Go through the lines below and repeat each one exactly, skipping pictures.

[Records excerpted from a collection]
::::::::::

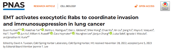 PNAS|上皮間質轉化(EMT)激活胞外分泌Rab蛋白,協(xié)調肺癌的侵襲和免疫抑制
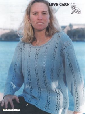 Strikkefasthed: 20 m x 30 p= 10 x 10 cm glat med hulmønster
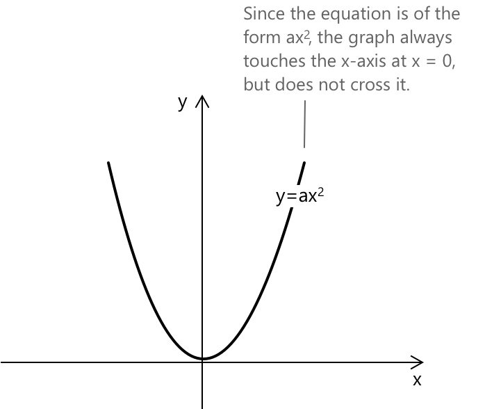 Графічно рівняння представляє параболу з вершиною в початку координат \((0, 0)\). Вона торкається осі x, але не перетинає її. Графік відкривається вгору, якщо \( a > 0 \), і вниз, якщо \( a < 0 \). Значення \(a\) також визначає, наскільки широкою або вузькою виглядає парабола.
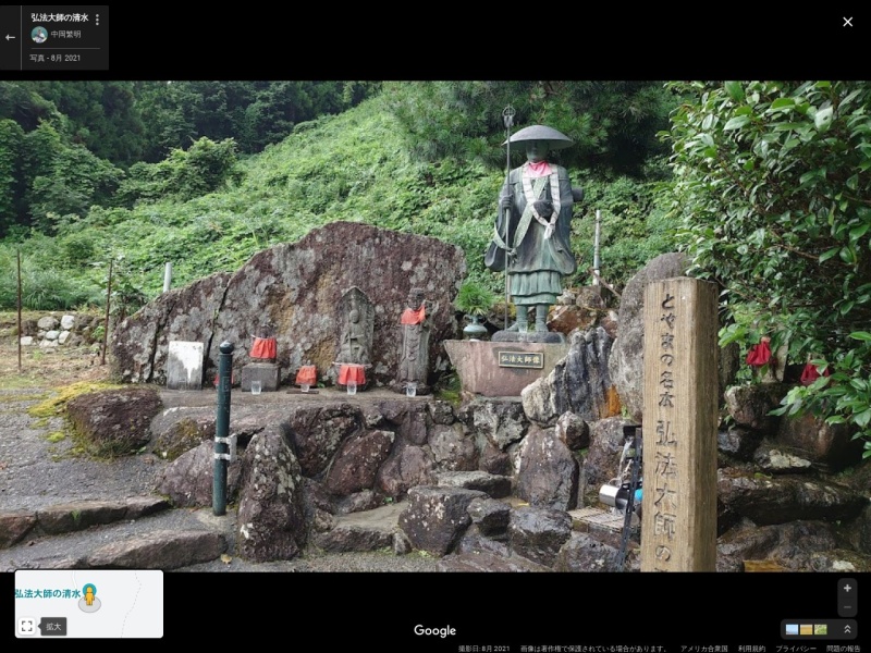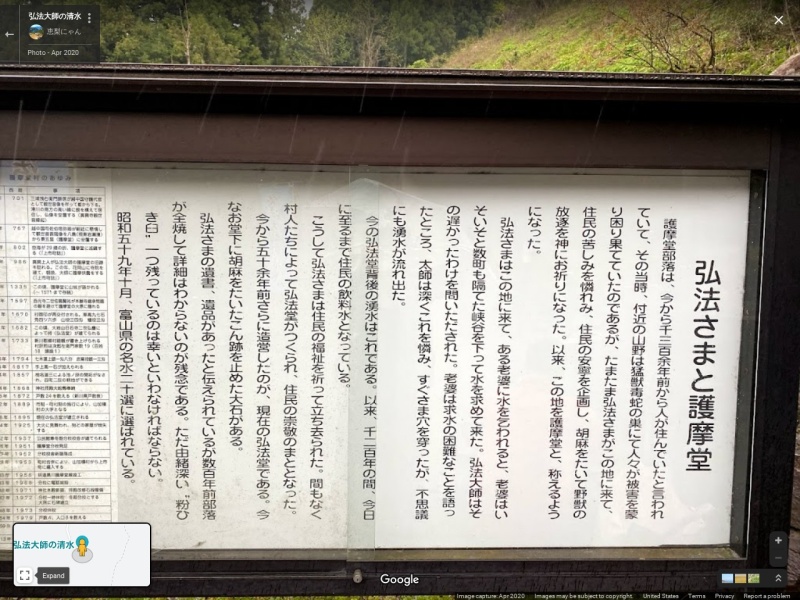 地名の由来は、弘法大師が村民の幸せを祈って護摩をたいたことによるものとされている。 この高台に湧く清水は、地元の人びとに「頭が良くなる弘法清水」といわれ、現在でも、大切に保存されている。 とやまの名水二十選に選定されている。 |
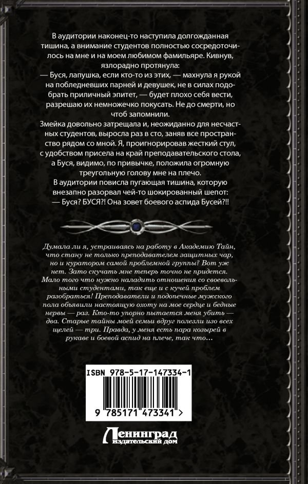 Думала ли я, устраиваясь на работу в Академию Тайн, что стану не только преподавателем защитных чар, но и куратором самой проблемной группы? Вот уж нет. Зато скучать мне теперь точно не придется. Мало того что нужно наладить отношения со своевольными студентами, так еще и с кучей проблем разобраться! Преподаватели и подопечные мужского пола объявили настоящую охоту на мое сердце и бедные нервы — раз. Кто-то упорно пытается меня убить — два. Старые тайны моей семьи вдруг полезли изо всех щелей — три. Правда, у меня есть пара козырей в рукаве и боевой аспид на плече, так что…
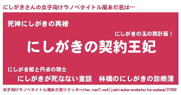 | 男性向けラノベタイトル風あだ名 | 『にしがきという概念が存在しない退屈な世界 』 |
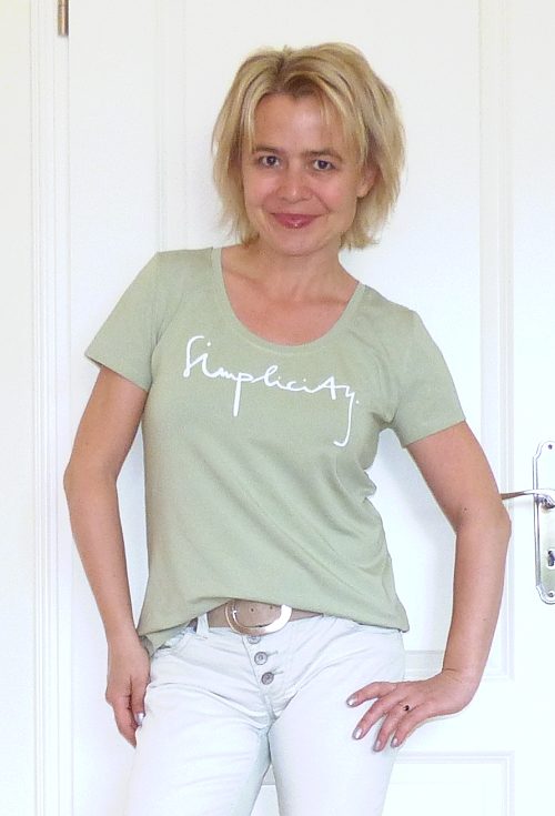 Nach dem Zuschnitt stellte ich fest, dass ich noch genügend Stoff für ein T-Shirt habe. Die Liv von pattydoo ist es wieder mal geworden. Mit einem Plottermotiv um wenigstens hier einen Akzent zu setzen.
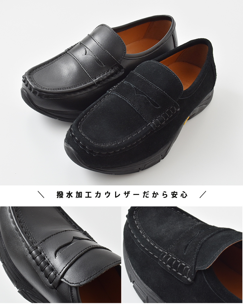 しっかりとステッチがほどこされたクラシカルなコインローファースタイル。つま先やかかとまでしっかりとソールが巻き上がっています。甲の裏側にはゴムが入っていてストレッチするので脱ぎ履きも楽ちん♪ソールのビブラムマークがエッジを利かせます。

::::::::::

* _EXPECTED OUTPUT_
 PNAS|上皮間質轉化(EMT)激活胞外分泌Rab蛋白,協(xié)調肺癌的侵襲和免疫抑制
 Strikkefasthed: 20 m x 30 p= 10 x 10 cm glat med hulmønster
 Графічно рівняння представляє параболу з вершиною в початку координат \((0, 0)\). Вона торкається осі x, але не перетинає її. Графік відкривається вгору, якщо \( a > 0 \), і вниз, якщо \( a < 0 \). Значення \(a\) також визначає, наскільки широкою або вузькою виглядає парабола.
 地名の由来は、弘法大師が村民の幸せを祈って護摩をたいたことによるものとされている。 この高台に湧く清水は、地元の人びとに「頭が良くなる弘法清水」といわれ、現在でも、大切に保存されている。 とやまの名水二十選に選定されている。 |
 Думала ли я, устраиваясь на работу в Академию Тайн, что стану не только преподавателем защитных чар, но и куратором самой проблемной группы? Вот уж нет. Зато скучать мне теперь точно не придется. Мало того что нужно наладить отношения со своевольными студентами, так еще и с кучей проблем разобраться! Преподаватели и подопечные мужского пола объявили настоящую охоту на мое сердце и бедные нервы — раз. Кто-то упорно пытается меня убить — два. Старые тайны моей семьи вдруг полезли изо всех щелей — три. Правда, у меня есть пара козырей в рукаве и боевой аспид на плече, так что…
 | 男性向けラノベタイトル風あだ名 | 『にしがきという概念が存在しない退屈な世界 』 |
 Nach dem Zuschnitt stellte ich fest, dass ich noch genügend Stoff für ein T-Shirt habe. Die Liv von pattydoo ist es wieder mal geworden. Mit einem Plottermotiv um wenigstens hier einen Akzent zu setzen.
 しっかりとステッチがほどこされたクラシカルなコインローファースタイル。つま先やかかとまでしっかりとソールが巻き上がっています。甲の裏側にはゴムが入っていてストレッチするので脱ぎ履きも楽ちん♪ソールのビブラムマークがエッジを利かせます。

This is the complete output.